Your task is to output the listing exactly, leaving every image out.

START Stored data

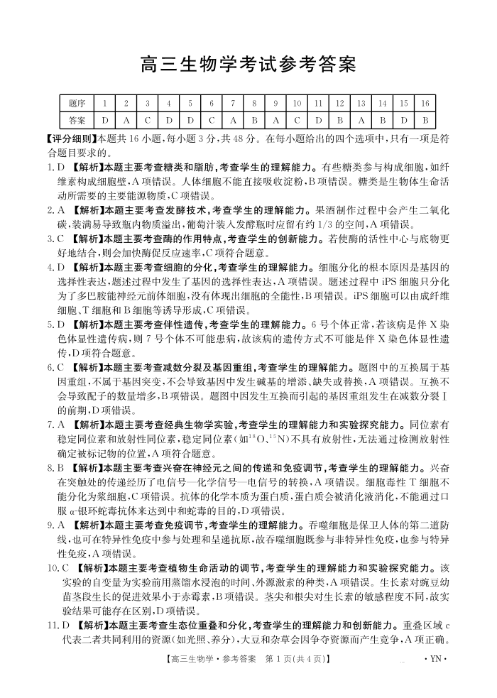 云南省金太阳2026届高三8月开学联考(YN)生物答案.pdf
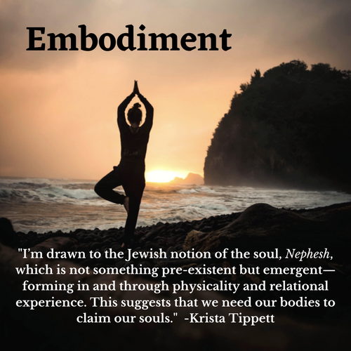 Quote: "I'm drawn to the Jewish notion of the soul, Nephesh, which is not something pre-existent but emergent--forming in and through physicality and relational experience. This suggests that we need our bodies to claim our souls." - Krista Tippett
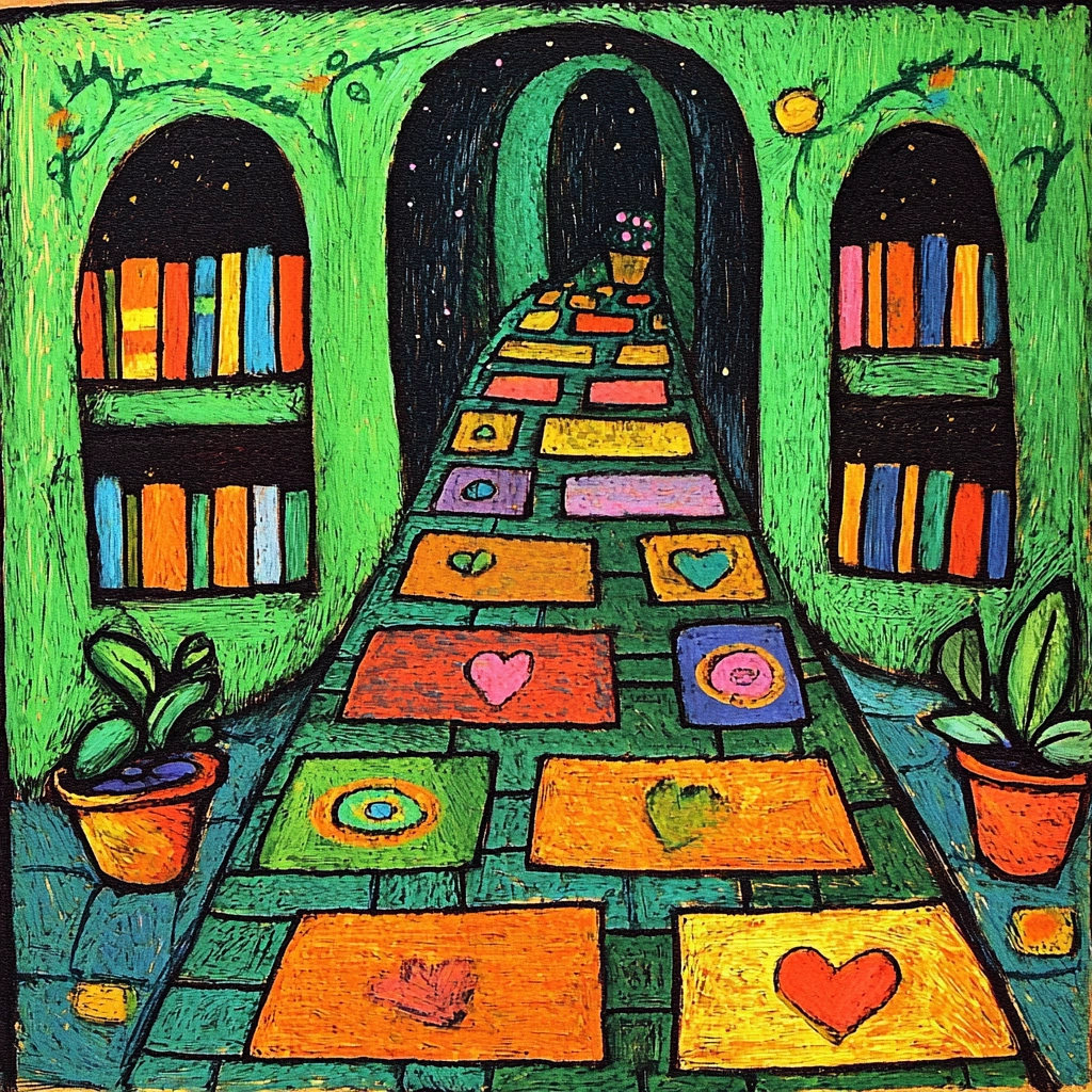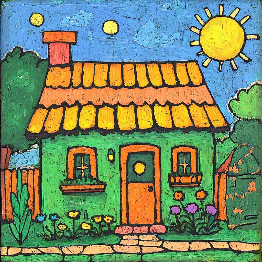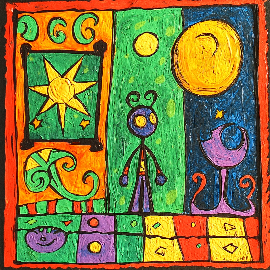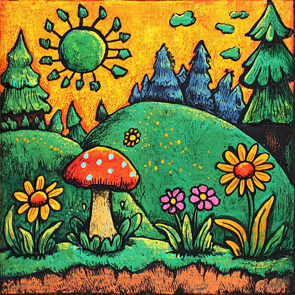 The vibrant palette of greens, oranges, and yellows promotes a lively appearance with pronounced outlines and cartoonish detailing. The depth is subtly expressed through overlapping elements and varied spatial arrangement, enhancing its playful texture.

END Stored data

● Written solution:
 云南省金太阳2026届高三8月开学联考(YN)生物答案.pdf
 Quote: "I'm drawn to the Jewish notion of the soul, Nephesh, which is not something pre-existent but emergent--forming in and through physicality and relational experience. This suggests that we need our bodies to claim our souls." - Krista Tippett
 The vibrant palette of greens, oranges, and yellows promotes a lively appearance with pronounced outlines and cartoonish detailing. The depth is subtly expressed through overlapping elements and varied spatial arrangement, enhancing its playful texture.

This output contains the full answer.